Yet, as great as their success has been, even in anime we can see the telltale marks of stagnation. For one thing, anime never developed technically: while Japanese studios continued to paint pictures on celluloid with skills little changed from the 1930s, Pixar and Disney were inventing brand-new digital technology with dazzling visual effects that amazed the world in Toy Story, A Bug's Life, and Fantasia 2000. Furthermore, nothing can disguise the fact that in the end anime are essentially a children's medium. The really big hits, such as Pokemon and Sailor Moon (a favorite of the early-teen girl set), have none of the intellectual or aesthetic appeal of the famed works of Miyazaki Hayao – they are simply cute screenplay for little kids, and their very success underscores the vacuum at the adult end of the spectrum. In his closing years, Kurosawa sighed in an interview, «There is no hope for Japanese film companies. They have to be destroyed and rebuilt... The people accept only films they can understand, and what they can understand are only films with cats and dogs in them, not the modern world.»

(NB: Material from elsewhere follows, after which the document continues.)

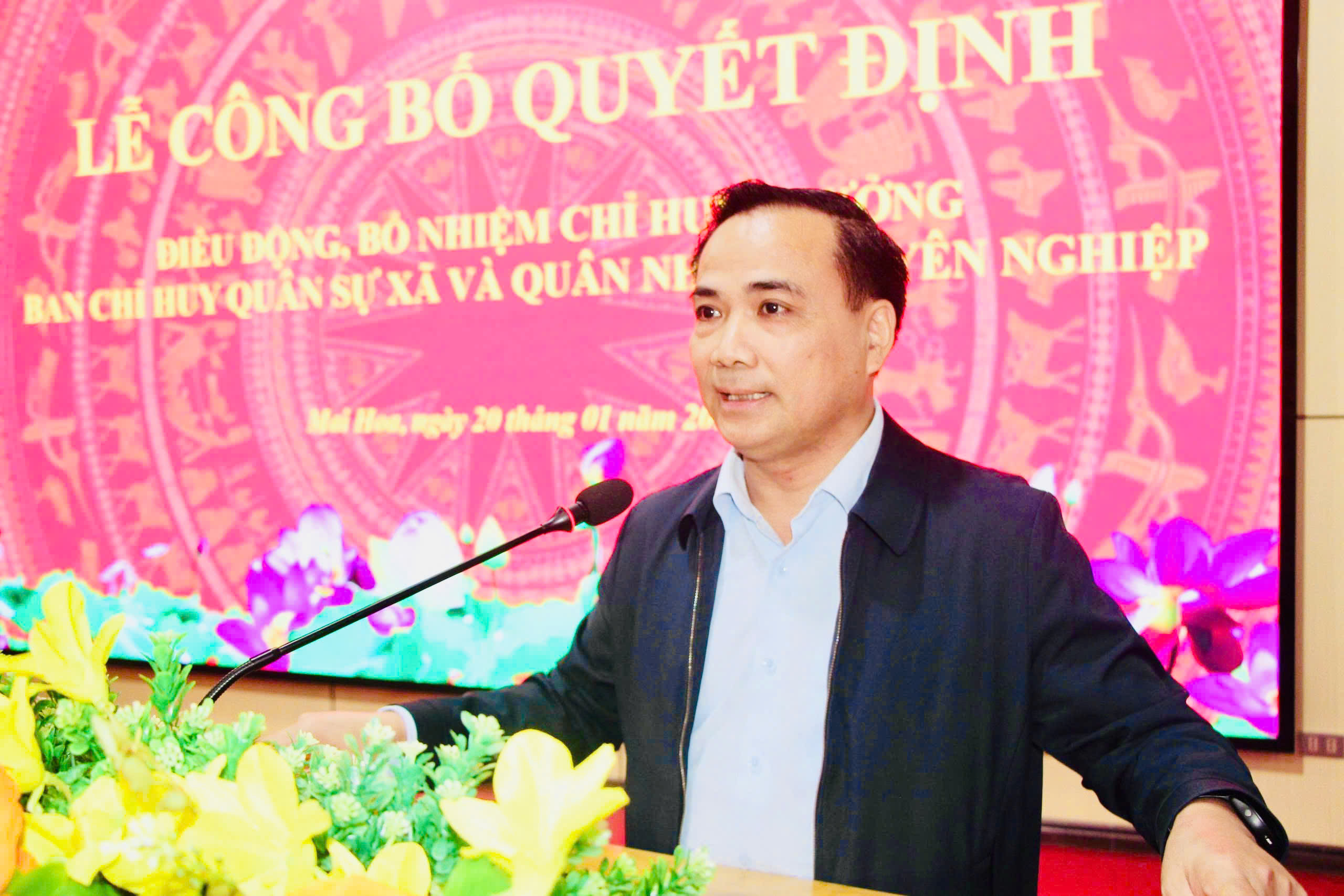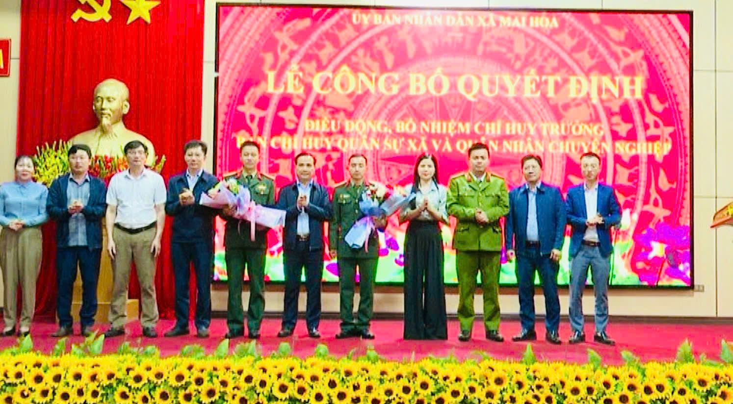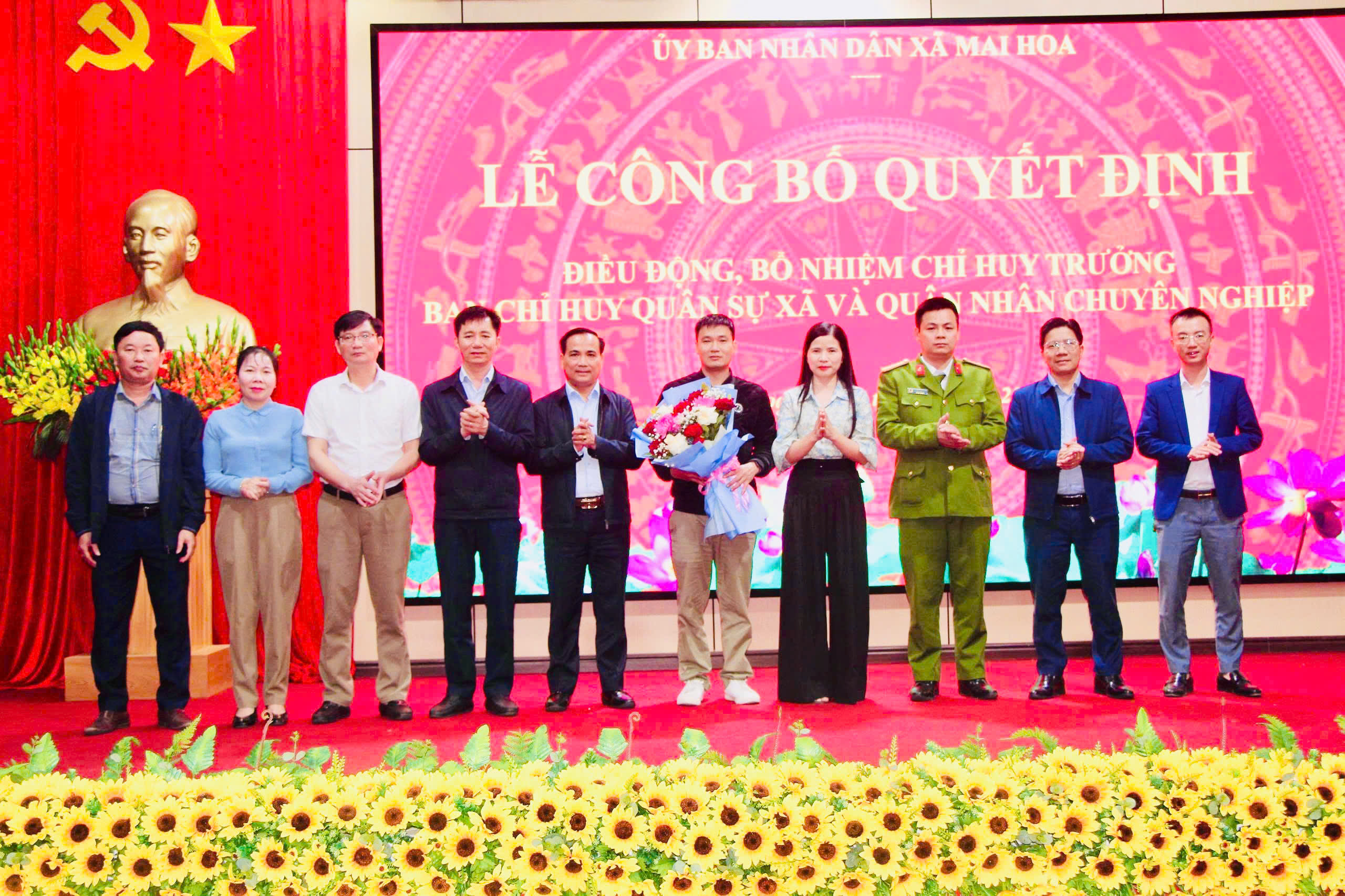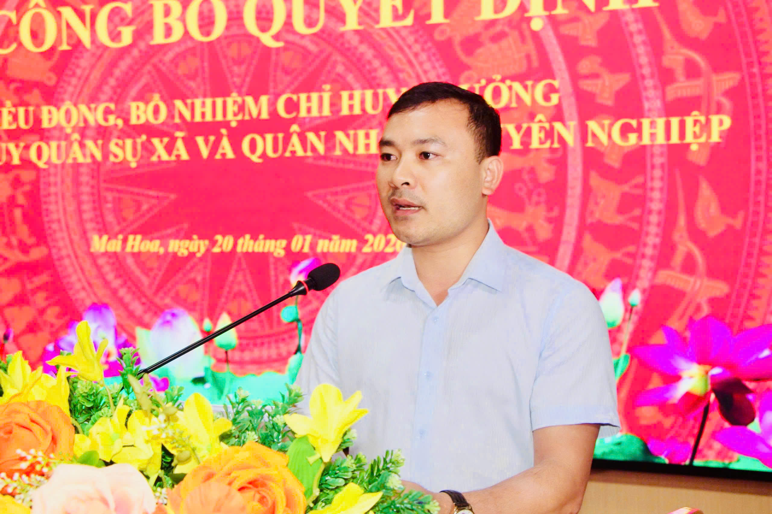 Tại buổi lễ, UBND xã đã công bố quyết định của Chính uỷ Quân khu 4 về việc điều động, bổ nhiệm Trung tá Trần Quốc Tuấn, Trợ lý Dân vận - Ban chỉ huy phòng thủ khu vực 2 Vũ Quang bộ chỉ huy quân sự tỉnh giữ chức vụ Chỉ huy trưởng BCHQS xã Mai Hoa.

Cinema provides a superb window into Japan's modern troubles, because all the patterns that afflict other aspects of national life come together here. One is monopoly. Three large companies-Toho, Toei, and Shochiku-have controlled most of the theaters and monopolized the business. They are shackled by the same seniority system that rules the rest of corporate Japan, with the result that producers prefer to work only in-house or with established directors with whom they have long-standing ties. In contrast to the frenzied telephone calling and «pitching» of new ideas that goes on in Hollywood, a deathly calm rules in Japan's studio offices.

We can sense the dead hand of bureaucracy weighing upon cinema: for decades, zoning rules made it hard to build theaters in suburbs and newly grown «bed-towns.» Cinemas did not benefit any branch of officialdom-so they haven't been built.